The Yamparika and Nokoni joined the Quahadi and Kotsoteka, camping at Chinaberry Trees, Palo Duro Canyon.

==His final battle==
While Horseback managed to prevent his Nokoni warriors' involvement in the Red River War in 1873–1874, Big Red Meat joined the hostile Comanche and Kiowa faction, uniting himself and his Nokoni warriors with Quanah Parker, Parua-o-coom (Bull Bear), Kobay-oburra (Wild Horse), Kobay-otoho (Black Horse), Isatai, and their Quahadi Comanche; to Mow-way (He pushing-aside or He pushing-in-the-middle, but usually called Shaking Hand) and his Kotsoteka; to Tabananika (Sound-of-the-Sunrise), Isa-rosa (White Wolf) and Hitetetsi (or Tuwikaa-tiesuat Little Crow), and their Yamparika. They were soon joined by some Kiowa led by Guipago, Satanta, Zepko-ete (Big Bow), Tsen-tainte (White Horse), and Mamanti (He Walking-above).

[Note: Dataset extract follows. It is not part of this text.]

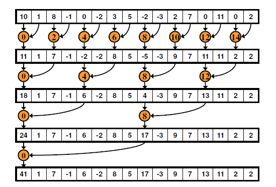 假设有一个大小为2048的向量,我们想用归约算法对该向量求和。于是我们申请了一个大小为1024的线程块,并声明了一个大小为2048的共享内存数组,并将数据从全局内存拷贝到了该共享内存数组。

==Imprisonment and death==
Big Red Meat was involved in the campaign led by Colonel Ranald Mackenzie with his 4th Cavalry Regiment (United States) against Quanah Parker and his followers through late 1874 and into 1875 in the Staked Plains. He was also in the battle of Palo Duro Canyon, where the Army destroyed five Native American villages on September 28, 1874. Mackenzie's final blow to the Native Americans' will was the killing of 1,000 of their horses in Tule Canyon. On November 5, 1874, Mackenzie's forces won a minor engagement, his last, with the Comanches. Big Red Meat surrendered on October 23, after a fight against Maj. Schofield's 10th Cavalry companies near Elk Creek, and was jailed at Fort Sill. In March 1875, Mackenzie assumed command at Fort Sill and control over the Comanche-Kiowa and Cheyenne-Arapaho reservations.
After the Palo Duro campaign (1874) and the surrender of the last hostile Comanche groups coming back from the Staked Plains, the nine remaining Comanche men were sent to Fort Marion, Florida. Big Red Meat died in captivity in the icehouse of Fort Sill on January 1, 1875.